Quote (thesnipa @ Dec 5 2022 03:49pm)
That machine is already too far on course to change. society can't stop it no matter what we decide, whether we watch Wall-E and think being fatties is good or bad. whether we watch Ready Player 1 and think that's good or bad. neither matter. we're too far into this to stop now, especially in a country that can only operate on incremental change. we can't turn the ship fast enough to avoid the rocks, all we can do is get as many lifeboats ready as possible.
we as a society, rightfully, built our country around capitalism and the stock market. neither one of those have a brake pedal, and even the gas pedal has only 1 option, floor it. the market will demand cheaper goods, cheaper goods are provided by automation, automation creates more poor people, more poor people demand cheaper goods. We cannot get out. A shadow moves in the dark.
the longer we take to aggressively tax corporate America to build our own safety net the more likely it looks that they'll be our only savior. and they're driving towards a cliff they know is there, but anyone who tries to stop is replaced by their board of directors.
"but we'll make new jobs" is the lie anyone opposed to this message has eaten whole, and they in turn will see in due course. we cant avoid it, we can only prepare. instead deluding ourselves into thinking that debating gender pronouns prepare us for this is insanity. i dont have to worry, nor do my children or grand children. it is all of you that are doomed, unless private land ownership is outlawed, then we're fucked too.
I don't think it's too late at all. Our capitalist, market economy has given us all the tools we need to steer clear of icebergs. Unlike Europe, we haven't squandered all of our potential revenue on social welfare systems that will prove impossible to change. We have three egregious ones in the United States today, but there are politically feasible solutions to all three that could free up hundreds of billions of dollars per year and close the deficit. Some modest tax increases would help close it faster, but the key is to keep spending below the inflation rate and watch as the power of US debt slowly disappears. We did this in the aftermath of WWII, it's achievable in our lifetime.
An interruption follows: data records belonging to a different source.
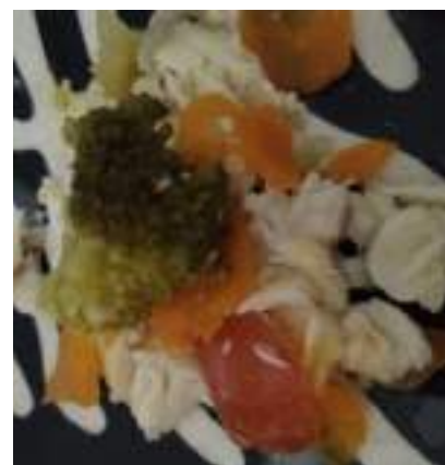
Figura 20: Preparo do peixe no papillote e resultado final.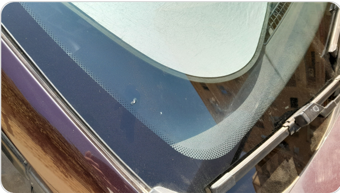
زجاج السيارة الأمامي : نقرة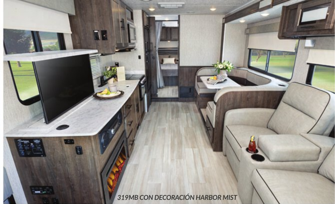
319MB CON DECORACIÓN HARBOR MIST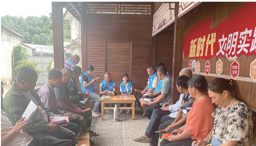
漾濞县“法律明白人”开展法治宣传。

法治长廊、法治广场等阵地,依托社区党群服务中心、新时代文明实践站等场所,设立法治图书角、法治宣传栏。目前,共建成1个乡镇、3个乡镇级、2个村级法治文化阵地,66个村(社区)设置法治图书角、法治宣传栏。 创建民主法治示范村(社区)。发挥民主法治示范村(社区)主阵地作用,通过以点带面,不断推动基层民主法治建设进程。苍山洱海基层治理获评“全国民主法治示范村”。截至目前,全县共创建7个省级民主法治示范村(社区),56个州级民主法治示范村(社区)。 强化综治中心阵地作用。漾濞县公共法律服务中心、9个乡镇司法所与县、乡两级综治中心实行阵地共建,力量整合、业务协同,全面做好群众接待、法律咨询、普法宣传、矛盾纠纷化解等工作,综治中心已成为最佳普法阵地。 多管齐下 优化法治建设维度 推行“普法+调解”工作模式。将人民调解与法律宣传有机结合,分析纠纷产生的法律根源,引导群众通过合法途径解决问题,实现“调解一案、普法一片”的效果。 建立“普法+法律服务”联动机制。整合基层司法所、律师事务所、法律服务所等资源,为群众提供“一站式”法律服务,在开展法治宣传时,同步提供法律咨询、法律援助申请、公证办理指引等服务。 推动“普法+基层治理”深度融合。在村(居)务公开、民主选举、重大事项决策等基层民主建设过程中,加强法治宣传,让群众了解相关的权利和义务,依法有序参与基层事务管理,推动基层治理法治化、规范化。

The largest change we need to make is to implement a broad-based VAT. Whether it's at 5% or 10%, it can free up hundreds of billions in annual revenue. That wealth can be directed towards building sovereign wealth. At an annual return of 5% and a VAT of 10%, the United States could control $21 trillion in assets within 20 years. In 30 years, the United States could have more sovereign wealth than the top 1% of the United States. As the numbers get bigger, it will become harder and harder for the United States to achieve measurable real returns on those assets, and the $600 billion annually will contribute to asset price inflation, but the goal is a world where the United States passively controls ~20% of US production, and some measure of global production besides. If kicking back $100-200 billion per year is necessary to keep ourselves happy in the short-term, so be it. That's the only world in which I see a UBI as achievable. We need to desperately avoid a world where the United States is 100% reliant on taxation of the wealthy. It's not about "poor rich people", but providing the United States with a stable and independent revenue source that makes it less reliant on external control.